More independet research is needed to understand how the technology works and to establish durable measurements of progress to identify possible phase-shifts between recall and reasoning in major models and how they relate to data, training and resulting models.

TL;DR

Current science attributes the larger share of model performance on problem solving to mechanisms more aking to recalling memorized information than to abstract, generalizable reasoning.
Business decision makers, investors and career minded individuals should pay attention to new, verifiable research and credible benchmarking on the topic of “is it reasoning or memorizing” as it will provide insight into trajectory, scaling and real world business impact of the technology.
If the current trends hold, “high variation in daily workload and problem parameters” may be seen as possibly correlated with resilience against AI displacement for jobs and businesses.
It would also mean that the technology would require a much more constant influx of new data to stay relevant and operate in job domains, increasing costs to deploy and operate. The value and dependency of “access to current data” in this scenario would remain elevated, shifting balance of power in the industry away from model makers to data owners.

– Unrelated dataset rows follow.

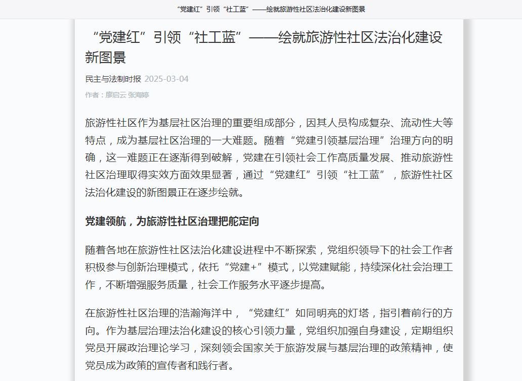 3月4日,学习强国发表万象城官网廖启云、张海婷撰写文章《“党建红”引领“社工蓝”——绘就旅游性社区法治化建设新图景》。
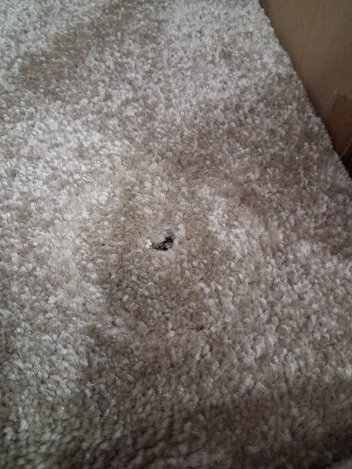 Has a musty smell and some imprints on the surface from being used.
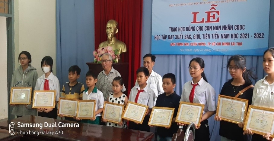 Tại Hội Nạn nhân chất độc da cam/dioxin, Huyện hội tổ chức Lễ trao học bổng cho các con của nạn nhân chất độc da cam vượt khó học tập đạt thành tích cao trong năm học 2021-2022. Trong 20 em là học sinh phổ thông thì có 3 em đạt loại xuất sắc, 4 em đạt loại giỏi, 4 em đạt loại tiên tiến; phần thưởng tặng các em là giấy khen, kèm theo 1 triệu đồng cho mỗi em đạt loại xuất sắc và giỏi, do anh Trình Mai Xuân Hưng, Thành phố Hồ Chí Minh tặng; kèm theo 500.000đồng cho mỗi em đạt loại tiên tiến, do Huyện hội Núi Thành tặng; Tổng tiền thưởng là 9.000.000đ.
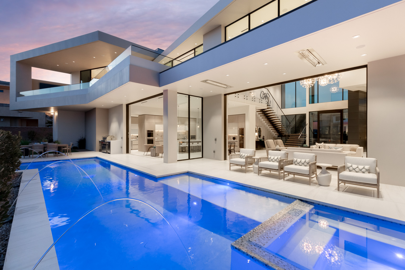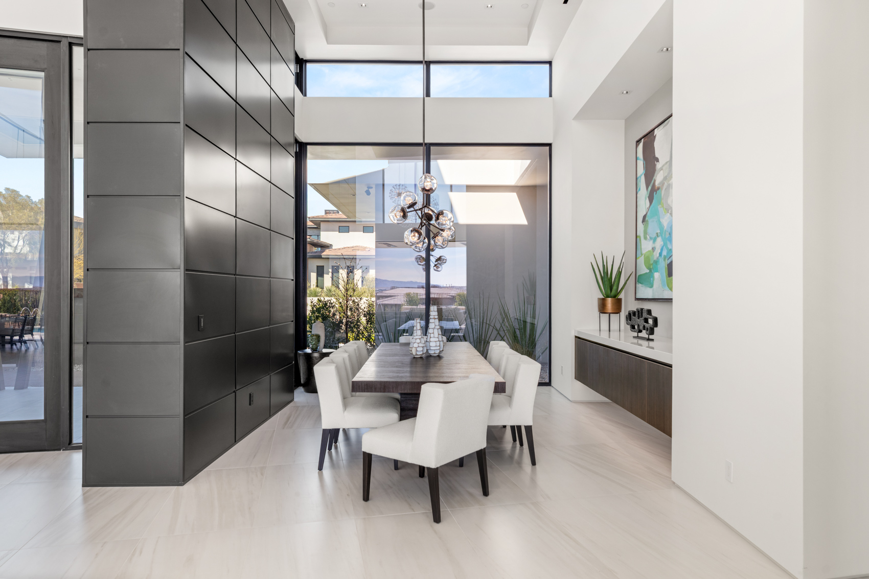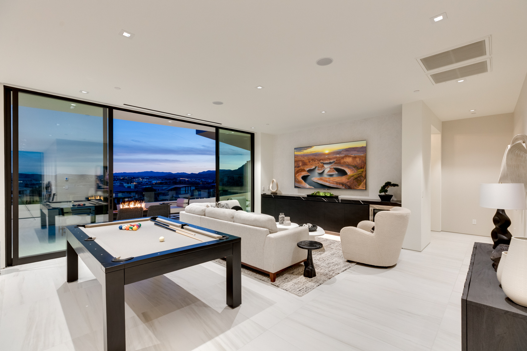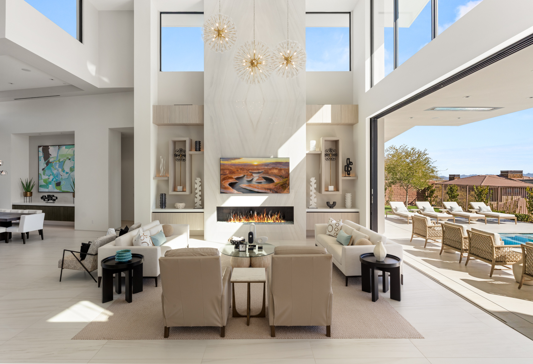The chef’s kitchen is a true centerpiece, appointed with a striking waterfall island, top-of-the-line stainless steel appliances, and a separate butler’s pantry for effortless entertaining. Designer finishes are carried throughout the home, elevating every room with a cohesive, contemporary aesthetic. The residence offers four bedrooms and five baths, including three bedrooms on the main level. A junior suite downstairs features its own beverage station with wine bar and a spa-inspired bath complete with a freestanding soaking tub and oversized walk-in shower with body jets. A dedicated gym/wellness guest room includes a dry sauna, creating a private retreat within the home. Upstairs, the primary suite is a sanctuary unto itself. Panoramic views stretch toward the Las Vegas Strip, best enjoyed from the wraparound balcony with fire pit. The spa-like primary bath features a freestanding soaking tub, oversized walk-in shower with waterfall rain head and multiple body jets, dual vanities, and two custom walk-in closets with built-in lighting—one thoughtfully designed with a full-size washer and dryer for added convenience. Set on a generous 0.46-acre homesite, the backyard is curated for year-round enjoyment. A covered patio with embedded ceiling heaters overlooks the pool and spa with water features, expansive sun lounge areas, and a separate outdoor dining space adjacent to the built-in BBQ. Located within the guard-gated community of The Ridges, one of Las Vegas’ most prestigious enclaves, residents enjoy privacy, security, and proximity to world-class golf, dining, and recreation. Opportunities to acquire a nearly new custom home of this caliber—designed, built, and maintained by its original owner—are exceptionally rare.
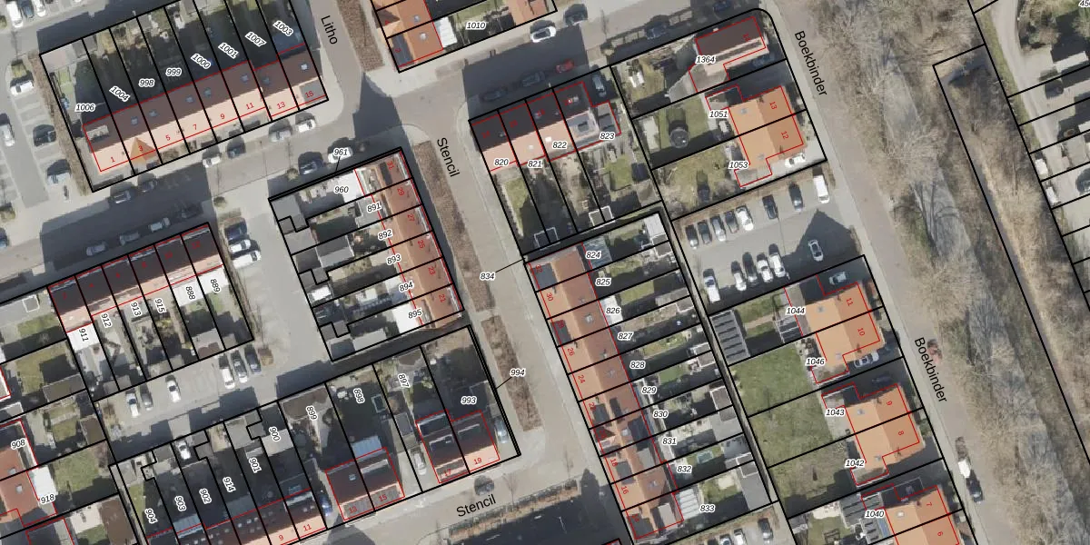 Gebruik de zoekbalk of klik op een perceel voor informatie over de adressen binnen dit perceel.
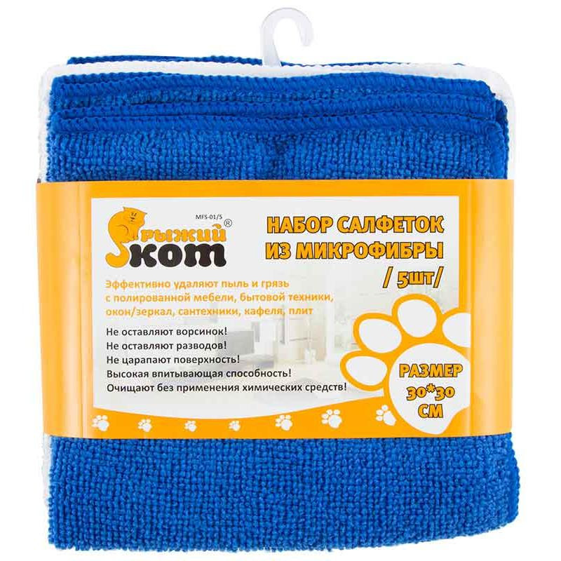 310238 Набор из 5-ти салфеток из микрофибры MFS-01/5 'Рыжий кот', размер 30х30см
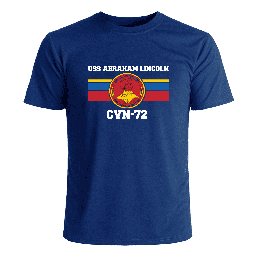 MilitaryBest is proud to offer this U.S. Navy Aircraft Carrier Crest T-Shirt. Each design is offered in Navy Blue. This fine USS Abraham Lincoln CVN-72 Crest T-Shirt is proudly printed in the USA. The quality of all of our Military products is guaranteed. Unless there is a defect in workmanship or material, these shirts are unreturnable.A percentage of the sale of each MilitaryBest item is forwarded to the licensing departments of each respective branch of service in support of the MWR (Morale, Welfare, & Recreation) program. These payments are made by either ALL4U LLC or the wholesaler from where the item originated. Our team thanks you for your service and your support of these programs.
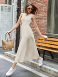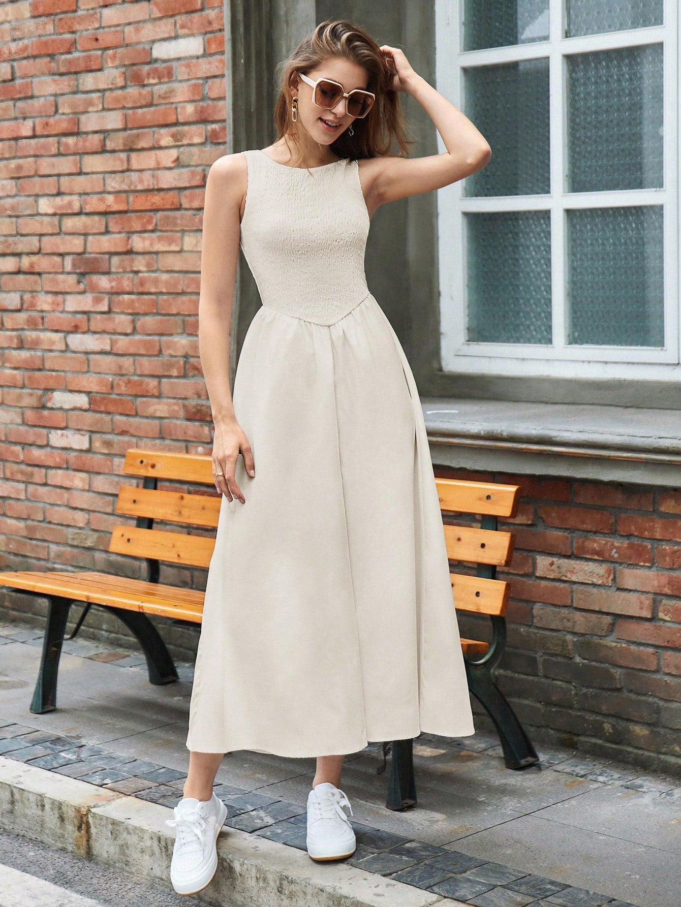Chic Summer Textured Waist-Cinched Sleeveless Dress for Effortless Outdoor Style

Practically, the recall/reason gap is a governance instruction, not just a forecast. Because a confident answer looks the same whether it was recalled or reasoned, the value moves to whoever can tell the difference and own the consequence. That means deploying the model inside a system you control - codified rules and verification you authored doing the load-bearing work, the model retrieving and drafting at the edges - and keeping a human accountable for any decision the output feeds. The competitive edge stops being “who has the cleverest model” and becomes “who can verify its output and answer for the result.”